Nos están diciendo que, a partir de ahora, el fin de una vida en el vientre materno no será una tragedia que la ley intenta regular, sino un valor fundamental del Estado. Un derecho que merece la misma protección que la libertad de expresión o la integridad física. ¿En qué momento decidimos que nuestra identidad nacional debía construirse sobre este vacío?

Convertir el aborto en un derecho intocable supone renunciar, como sociedad, a la protección del más débil. Nos adentramos en lo que algunos ya llaman la "cultura del descarte" o el "triunfo de la muerte" como solución a los problemas humanos. ¿Qué clase de progreso es aquel que no busca alternativas para la mujer, sino que simplemente le ofrece el blindaje de una salida irreversible? En lugar de blindar el apoyo a la maternidad, el acompañamiento o la conciliación, el Estado decide blindar la ruptura del vínculo más sagrado que existe.

Y aquí hay un fraude intelectual que no podemos ignorar. Se nos intenta vender este blindaje como un avance en salud pública. Pero seamos claros, como denuncian periodistas y expertos: el embarazo no es una enfermedad. No lo ha sido nunca.

La ciencia es tozuda y, aunque la política intente ignorarla, la biología nos dice que desde la concepción existe una vida distinta, un ADN único, un ser que no es un "algo", sino un "alguien".

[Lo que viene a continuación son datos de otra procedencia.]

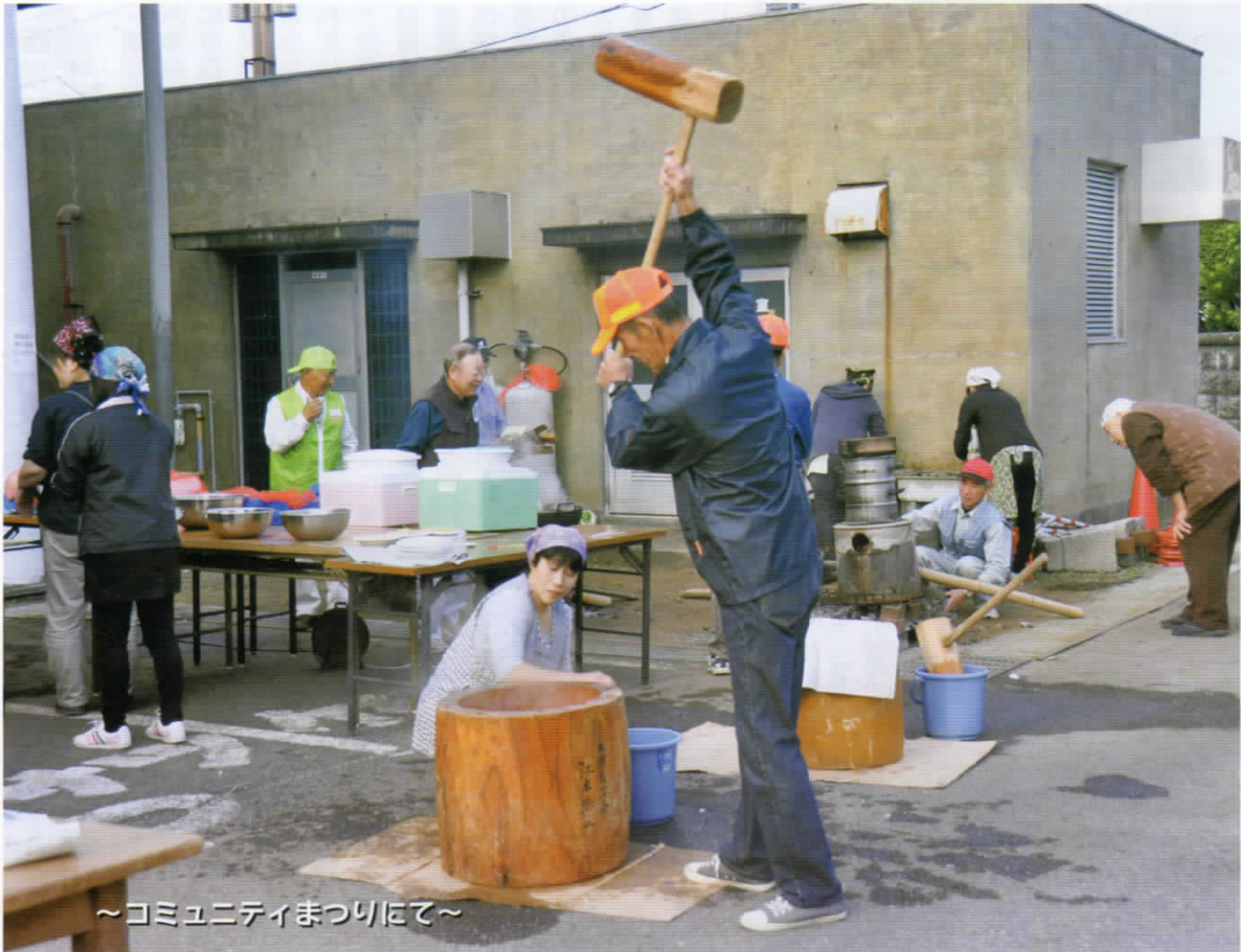
～コミュニティまつりにて～

愛鷹地区コミュニティ推進委員会 TEL・FAX 966-5301 (愛鷹地区センター)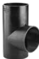
284 سه راه ۹۰° 90° Tee PN=4bar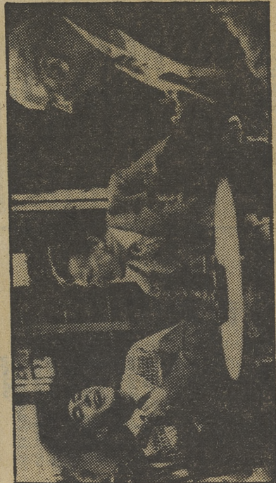
El que mejor vive en «Thomas y Sarah» es el marido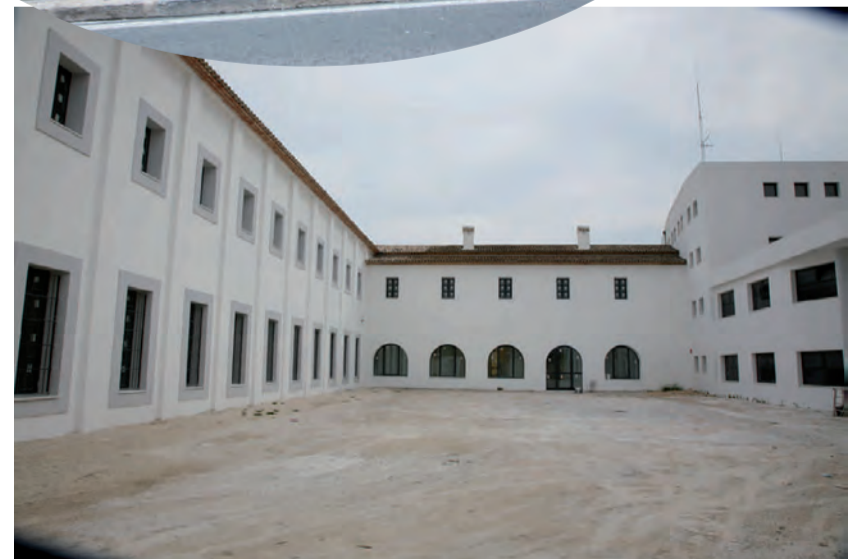
Centre Noves Tecnologies. Seminari Franciscà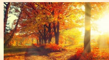
Procházej se podzímem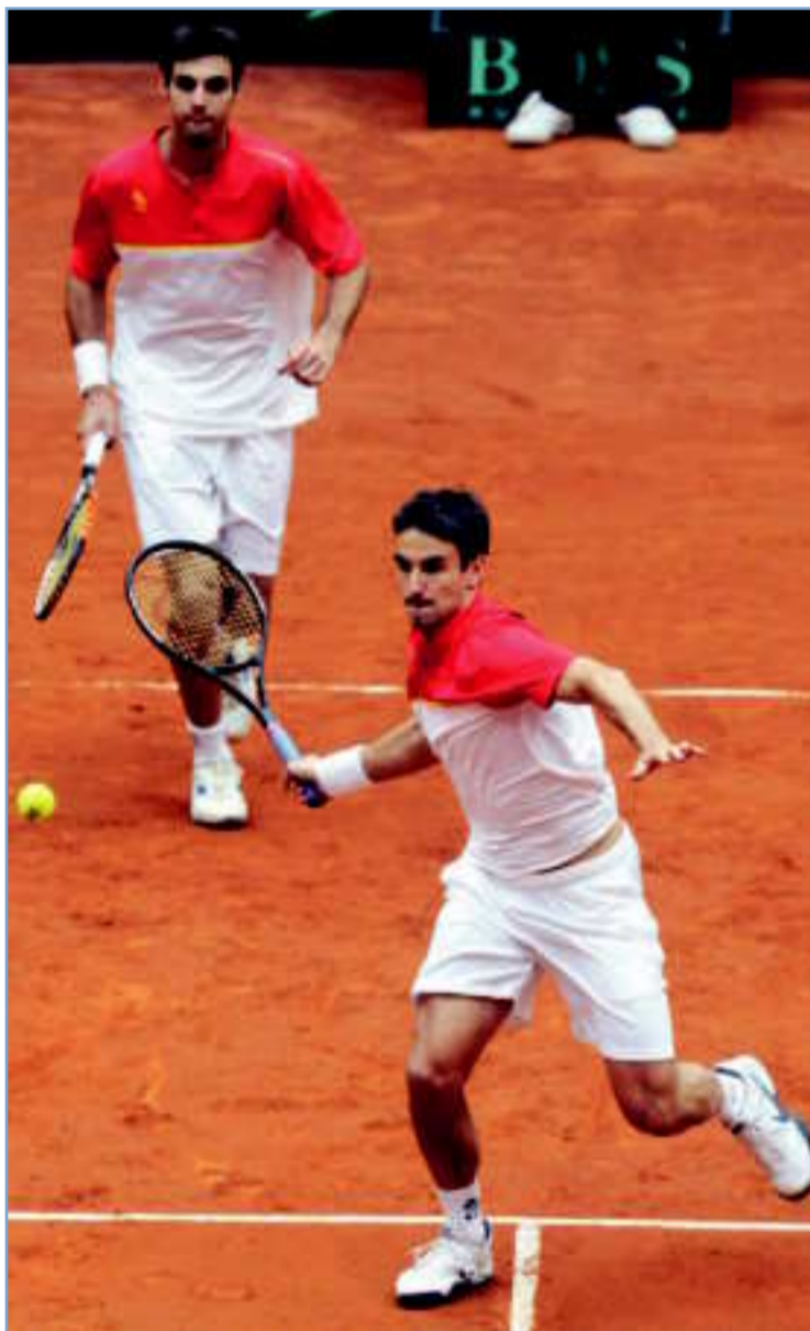
La dupla española funcionó a la perfección en Logroño

¿Por qué blindar el aborto y no blindar, con la misma fuerza, el derecho a la vida de los más vulnerables? ¿Por qué no blindar la ayuda a las familias o la protección de los ancianos?

Blindar el aborto es blindar la soledad de la mujer frente a un embarazo inesperado, diciéndole que su "derecho" es gestionar el problema sola, desapareciendo la responsabilidad de la sociedad y del Estado de ofrecer una mano tendida.

Si permitimos que el derecho a la vida se convierta en algo secundario frente a la voluntad individual, habremos perdido la brújula moral de nuestra convivencia.

No es una cuestión de religión, es una cuestión de humanidad.